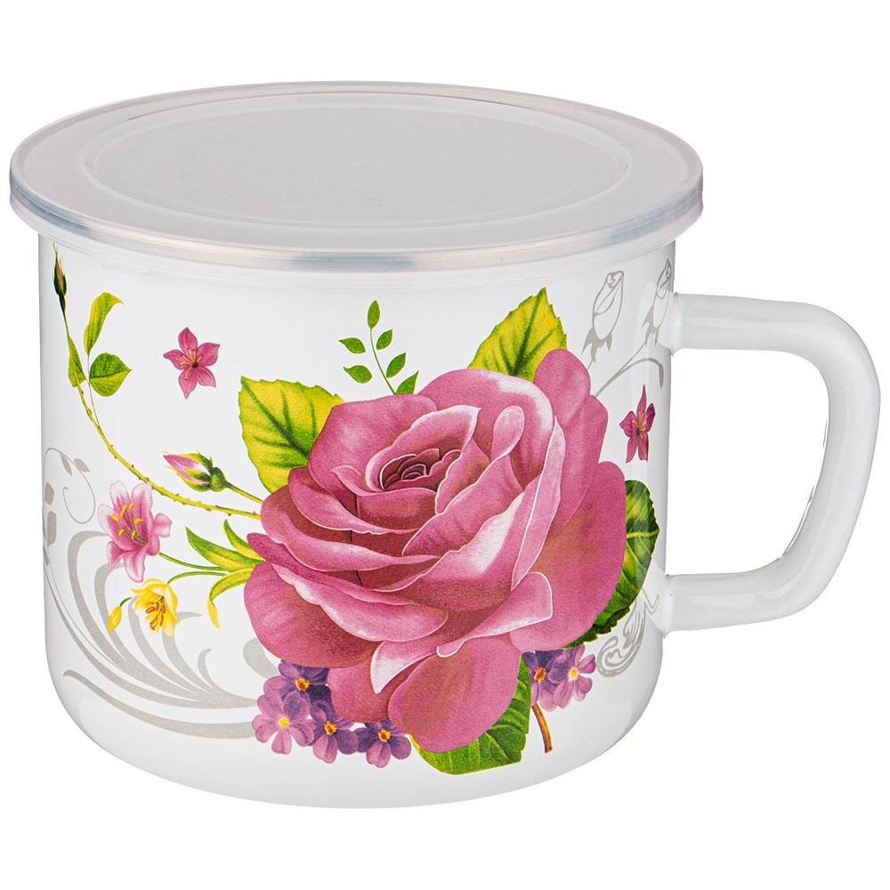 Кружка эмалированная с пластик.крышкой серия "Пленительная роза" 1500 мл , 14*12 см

==

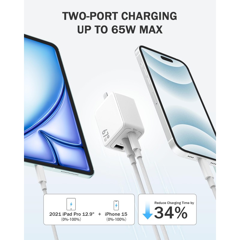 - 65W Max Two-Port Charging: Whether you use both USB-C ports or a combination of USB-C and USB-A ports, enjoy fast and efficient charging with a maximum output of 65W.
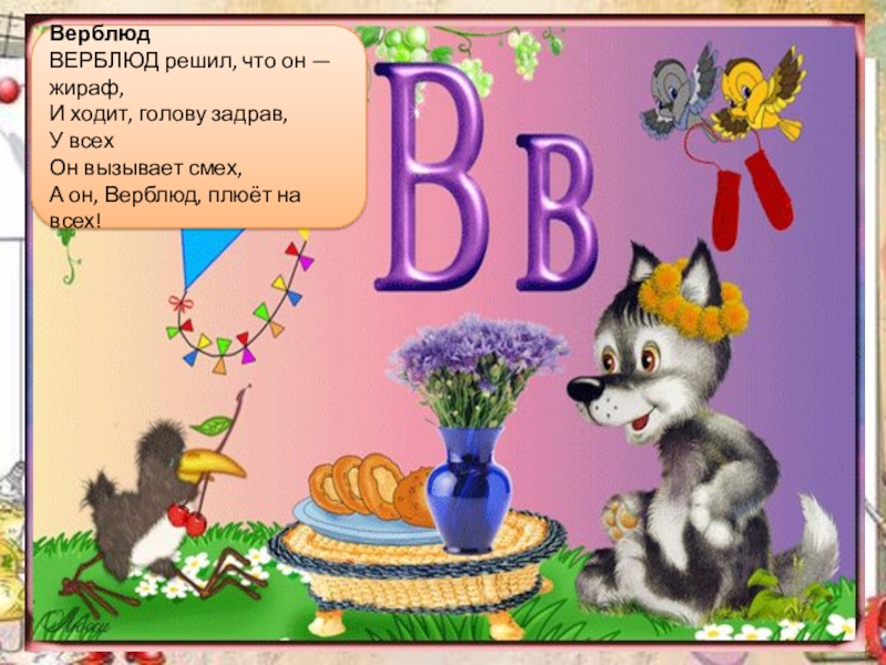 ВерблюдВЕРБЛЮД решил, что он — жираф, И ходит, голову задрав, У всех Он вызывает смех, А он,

--

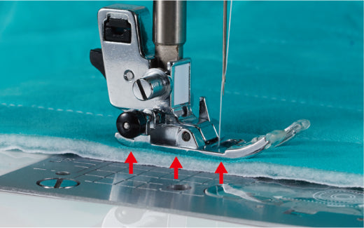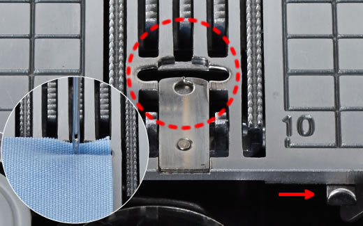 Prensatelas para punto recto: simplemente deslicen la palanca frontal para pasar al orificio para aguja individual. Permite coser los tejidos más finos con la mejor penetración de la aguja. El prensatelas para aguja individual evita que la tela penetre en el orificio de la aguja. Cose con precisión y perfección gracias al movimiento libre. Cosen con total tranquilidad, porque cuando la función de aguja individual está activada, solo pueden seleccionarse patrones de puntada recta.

**Directions:**
The copy should hold only the lines from the one with "- 65W Max Two-Port" through the one with "ВерблюдВЕРБЛЮД решил, что", exactly as they stand above. Leave out the pictures.

**Response area:**
 - 65W Max Two-Port Charging: Whether you use both USB-C ports or a combination of USB-C and USB-A ports, enjoy fast and efficient charging with a maximum output of 65W.
 ВерблюдВЕРБЛЮД решил, что он — жираф, И ходит, голову задрав, У всех Он вызывает смех, А он,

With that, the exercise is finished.